Au-delà de la réduction de l'activité de triage, Saint-Pierre-des-Corps représente toujours un nœud ferroviaire essentiel, car il conserve des activités ferroviaires de relais pour les trains de fret et compte, sur son site, la présence de nombreux établissements de la SNCF comme le technicentre, le pôle traction, et l'unité opérationnelle fret, qui s'ajoutent aux structures importantes dédiées aux voyageurs.

Concernant le projet de port sec à Vierzon, si des chargeurs ou des acteurs du transport sont en mesure d'amener de l'activité générant des prestations de transport, il est bien sûr tout à fait logique de réexaminer la possibilité de créer une plate-forme multimodale sur ce site. Mais ce n'est pas dans l'autre sens que les choses doivent fonctionner.

L'État a rappelé sa détermination à développer le transport ferroviaire en poursuivant la mise en œuvre du programme d'actions défini dans le cadre de l'engagement national pour le fret ferroviaire.

La SNCF doit y prendre toute sa part et moderniser son organisation pour relever le défi de présenter une offre compétitive et de qualité à ses clients.
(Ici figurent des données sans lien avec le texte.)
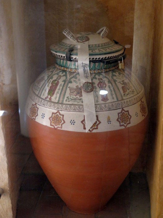 La instalación simula una dependencia antigua. En un rincón vemos una vasija convertida en cápsula del tiempo. El 19 de diciembre de 2017, al cumplirse los 800 años de la historia de los Amantes, los turolenses del presente depositaron en ella objetos y mensajes dirigidos a los del año 2117, cuando se cumpla el noveno centenario y se abra la vasija.
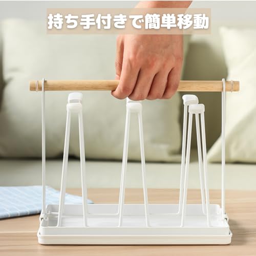 【送料無料】Riblind グラススタンド コップホルダー 6個掛け 水切りラック 木製ハンドル付 北欧風 シリコンカバー付 おしゃれ キッチン収納 スリム ディッシュラック ホワイト |
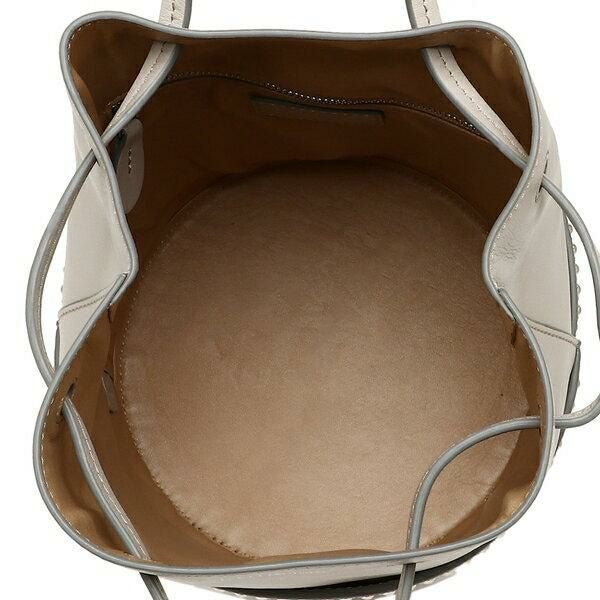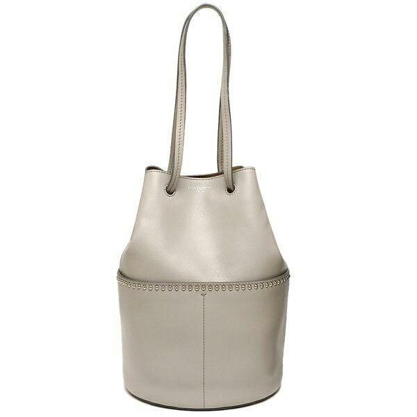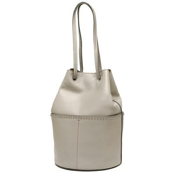安定感のある丸底でアイテムがしっかりと収まるハンドバッグ。ハンドルを持つだけで間口が締まる仕様のため、開け閉めの動作に手間取らないのが特長です。ボディには小粒のスタッズでアクセントをつけ、ブランドらしい個性を演出しています。
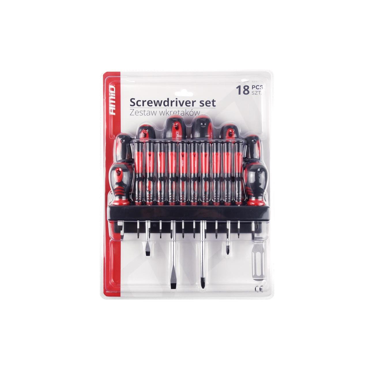 Set de surubelnite cu suport de perete 18 buc fabricate din crom-vanadiu de inalta calitate cu maner antiderapant si varf magnetic.
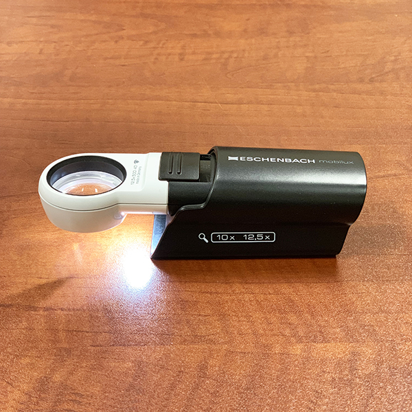 With Mobase, Eschenbach Mobilux® LED can also be used as a stand magnifier – both in the flat position for tremble-free reading and viewing, as well as in an upright position which leaves both hands free to carry out work behind the magnifier.
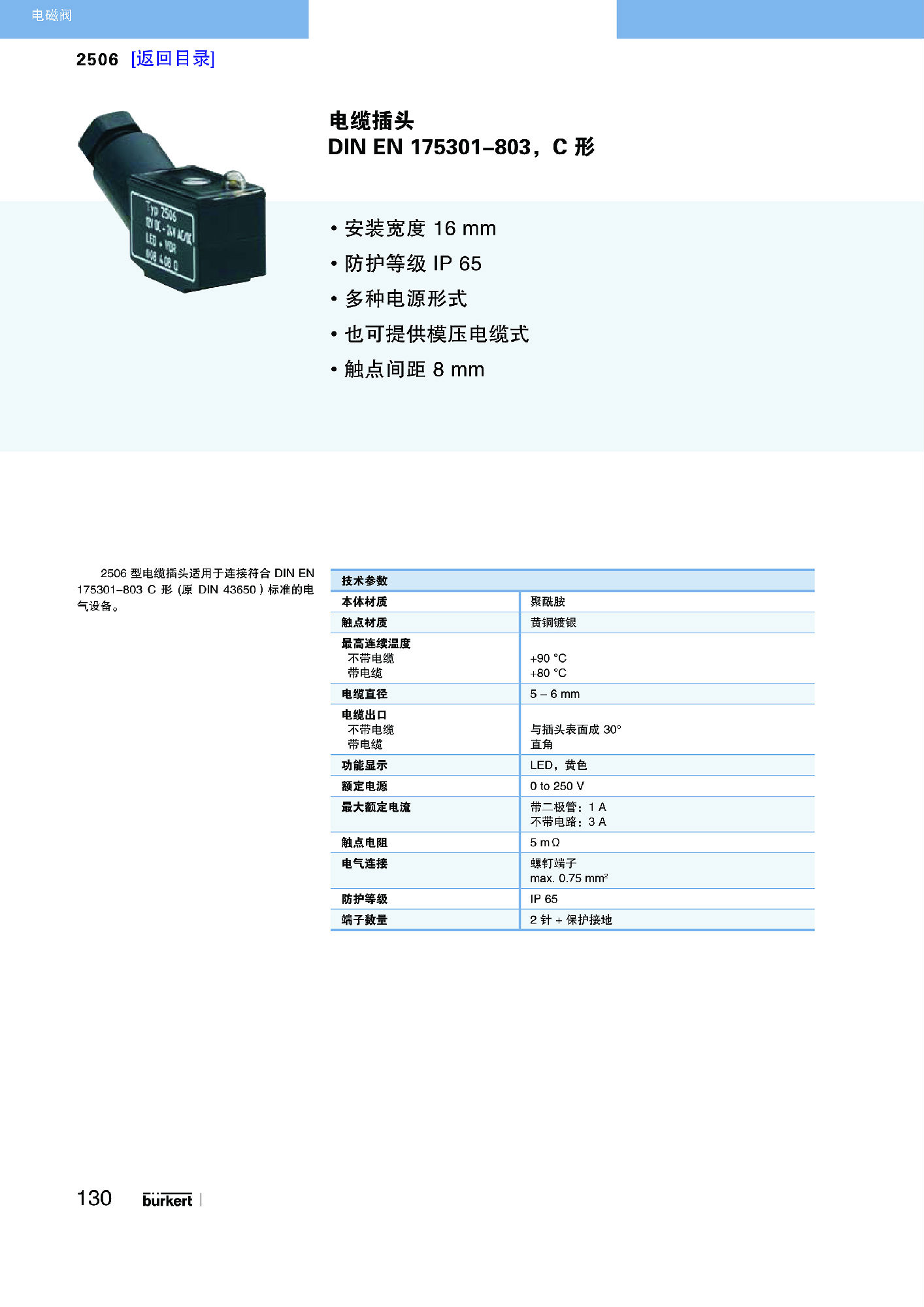 1)防护级 IP652)大量的结构类型3)触点间距为 8 mm

C'est la raison pour laquelle Thierry Mariani a souhaité réunir, le 30 mai dernier, l'ensemble des acteurs de la filière du fret ferroviaire pour faire le point sur la mise en œuvre des différentes actions et examiner concrètement les difficultés et identifier, de façon pragmatique, les progrès à réaliser.

M. le président. La parole est à Mme Marie-France Beaufils.

Mme Marie-France Beaufils. J'entends bien que la SNCF doit respecter des objectifs économiques d'équilibre. Mais en ayant seulement pour objectif les trains entiers, elle ne répond pas aux attentes de l'aménagement de notre territoire.

J'aurais trouvé intéressant que le Gouvernement s'attarde un peu plus sur l'Étude prospective 2020. Réalisée à la demande du comité central d'entreprise, CCE, de la SNCF et consacrée au fret ferroviaire, elle traite le sujet sur un mode nouveau et propose, outre de nouvelles mutualisations, la mixité de trains. Elle place au cœur des synergies à mettre en place des objectifs définis en fonction des services à rendre aux clients et ouvre la possibilité de maintenir des offres multiples pour répondre à des besoins diversifiés en termes, notamment, de massification. La mutualisation permettrait de mieux associer une logique de réseau et une logique d'axes.

Cette étude ouvre en particulier une piste très intéressante qui consisterait à passer d'un réseau composé de relations entre gares d'inter-triage à un réseau basé sur une grande boucle ferroviaire. Ce dernier serait organisé autour de liaisons circulaires dont la partie commune relierait Dijon, Lyon, Miramas, Toulouse, Bordeaux et Tours–Saint-Pierre-des-Corps, ce qui redonnerait une véritable dynamique au fret ferroviaire.

Je regrette que, pour le moment, cette étude du CCE de la SNCF n'ait pas été prise en compte dans les réflexions et aimerais bien qu'on s'en empare pour avancer et essayer de redynamiser. En effet, pour que le dispositif fonctionne, il faut agir dans les deux sens.